___ DATA EXTRACT

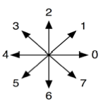 ジャンプする向きを、次の図のような8方向で表すとき、カエルのジャンプはどのような順番になりますか。
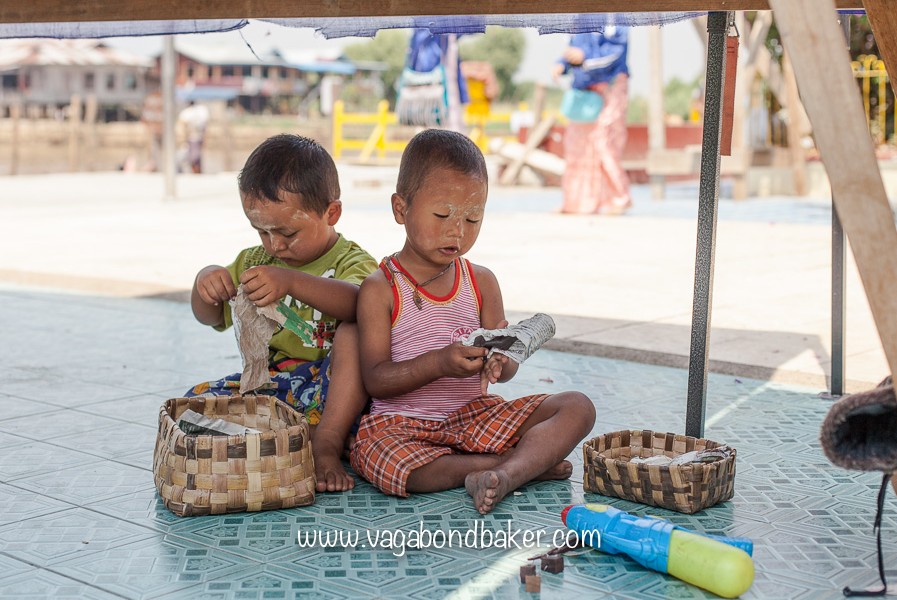 He pulled up alongside a stilt house and his wife appeared with a sticky-nosed young child. We all waved hello, “mingalaba!” and she brought out a fifth chair for Kayla and we shuffled our chairs up to fit it in.
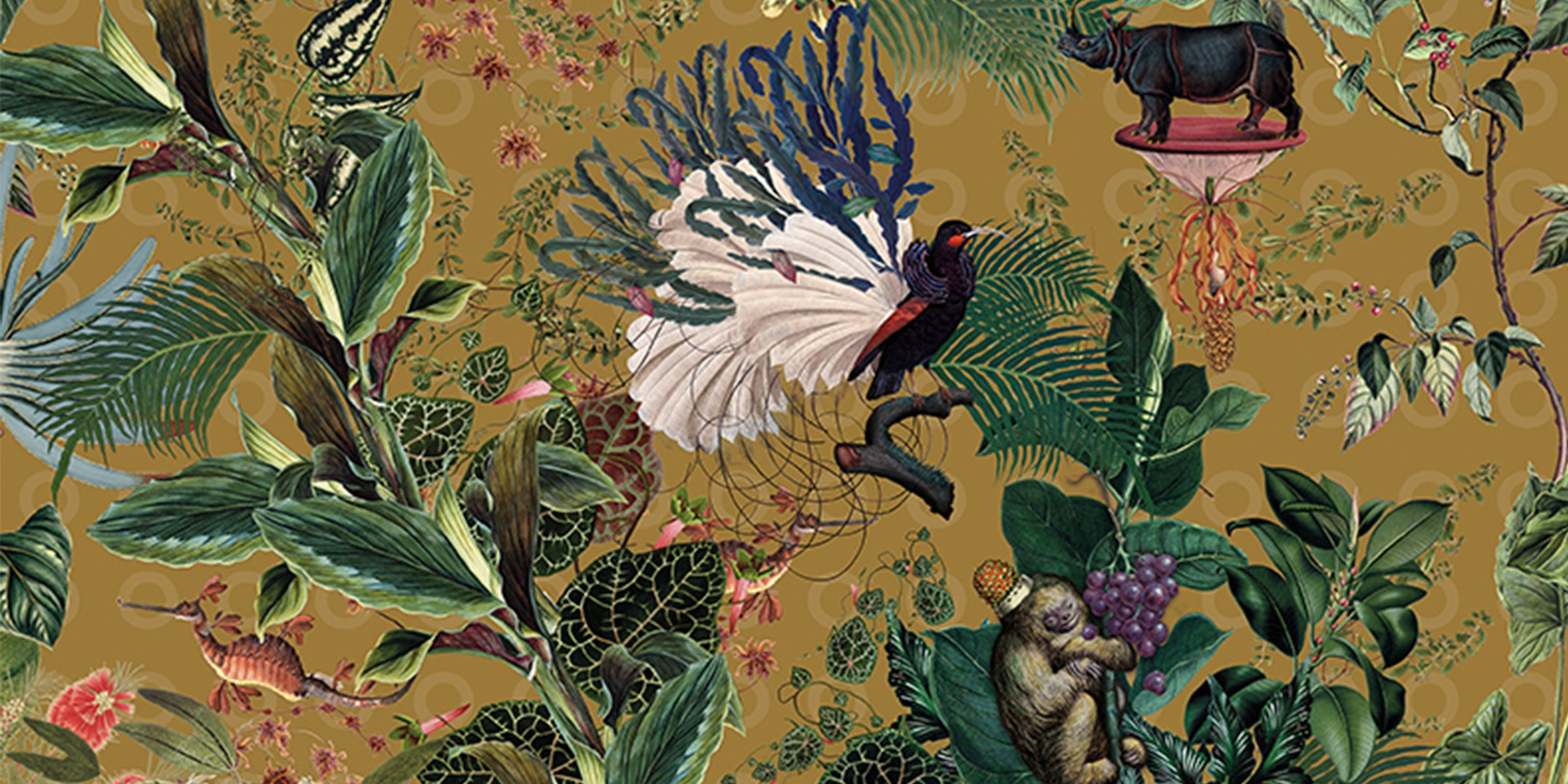 A fantastic fauna print ? digitally printed on soft touch textile with a non-woven backing ? in which each of the 10 extinct animals is mysteriously hidden.
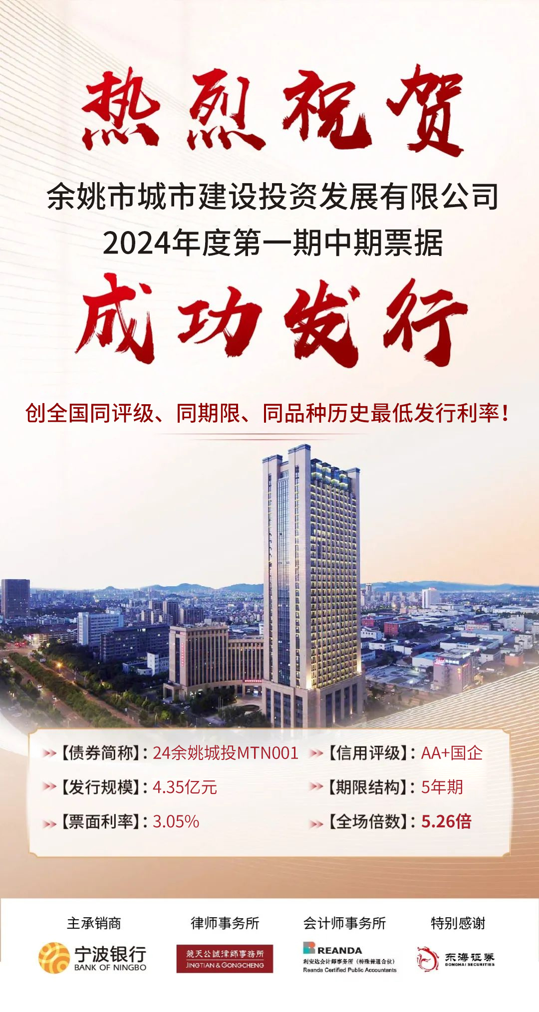1月18日,寧波舜建集團所屬市城投公司成功發行2024年度第一期中期票據4.35億元,期限5年,票面利率3.05%,全場認購倍數高達5.26倍。本次發行創下全國同評級、同期限中期票據歷史最低票面利率,全場有效認購的投資機構多達27家、認購金額近23億元。本次五年期中票的成功發行,并獲得較高的認購倍數,代表市場對舜建集團及城投公司的高度認可。
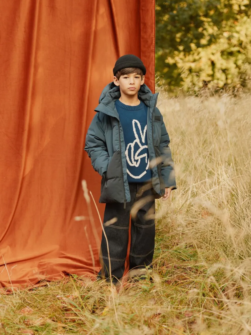 Disse mørkeblå oversize jeans fra Molo er lavet i rå denim med lyse stikninger ved knæene. Jeansene har 5 lommer, bæltestropper og en oversize pasform. Livvidden kan justeres med en indvendig elastik for optimal pasform til alle børn. Størrelser 92-134 har trykknap, mens størrelser 140-176 har en almindelig jeansknap. For en mindre løs pasform anbefales det at vælge en størrelse mindre, især hvis barnet er mellem to størrelser.
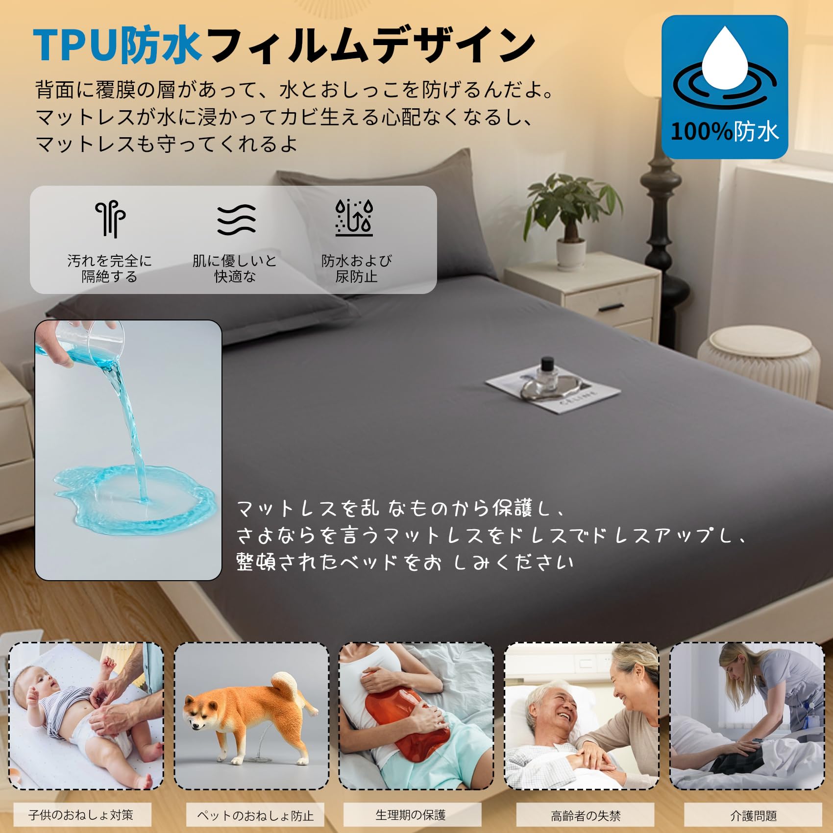 【五面防水設計&圧倒的な防水性】:裏面には通気性の高いTPU防水膜を採用し、通常の防水膜よりも通気性が高く、粘りも強くなる。従来品に比べて、五面防水設計を採用し、ベッド表面だけでなく側面部分も防水仕様なので、カバーエリアが広がります。防水性を高めて、汗・水などをかけでも、マットレスに水分は到達しません,お子様のおねしょやペットのそそう、高齢者・病人などの介護用寝具を汚してしまう心配を軽減し、清潔・衛生的に保ち、心地よい眠りをサポート。

______

**PROBLEM REQUIREMENTS**
Please retype the data exactly, but do not carry over any picture.

**WRITTEN RESPONSE**
 ジャンプする向きを、次の図のような8方向で表すとき、カエルのジャンプはどのような順番になりますか。
 He pulled up alongside a stilt house and his wife appeared with a sticky-nosed young child. We all waved hello, “mingalaba!” and she brought out a fifth chair for Kayla and we shuffled our chairs up to fit it in.
 A fantastic fauna print ? digitally printed on soft touch textile with a non-woven backing ? in which each of the 10 extinct animals is mysteriously hidden.
1月18日,寧波舜建集團所屬市城投公司成功發行2024年度第一期中期票據4.35億元,期限5年,票面利率3.05%,全場認購倍數高達5.26倍。本次發行創下全國同評級、同期限中期票據歷史最低票面利率,全場有效認購的投資機構多達27家、認購金額近23億元。本次五年期中票的成功發行,并獲得較高的認購倍數,代表市場對舜建集團及城投公司的高度認可。
 Disse mørkeblå oversize jeans fra Molo er lavet i rå denim med lyse stikninger ved knæene. Jeansene har 5 lommer, bæltestropper og en oversize pasform. Livvidden kan justeres med en indvendig elastik for optimal pasform til alle børn. Størrelser 92-134 har trykknap, mens størrelser 140-176 har en almindelig jeansknap. For en mindre løs pasform anbefales det at vælge en størrelse mindre, især hvis barnet er mellem to størrelser.
 【五面防水設計&圧倒的な防水性】:裏面には通気性の高いTPU防水膜を採用し、通常の防水膜よりも通気性が高く、粘りも強くなる。従来品に比べて、五面防水設計を採用し、ベッド表面だけでなく側面部分も防水仕様なので、カバーエリアが広がります。防水性を高めて、汗・水などをかけでも、マットレスに水分は到達しません,お子様のおねしょやペットのそそう、高齢者・病人などの介護用寝具を汚してしまう心配を軽減し、清潔・衛生的に保ち、心地よい眠りをサポート。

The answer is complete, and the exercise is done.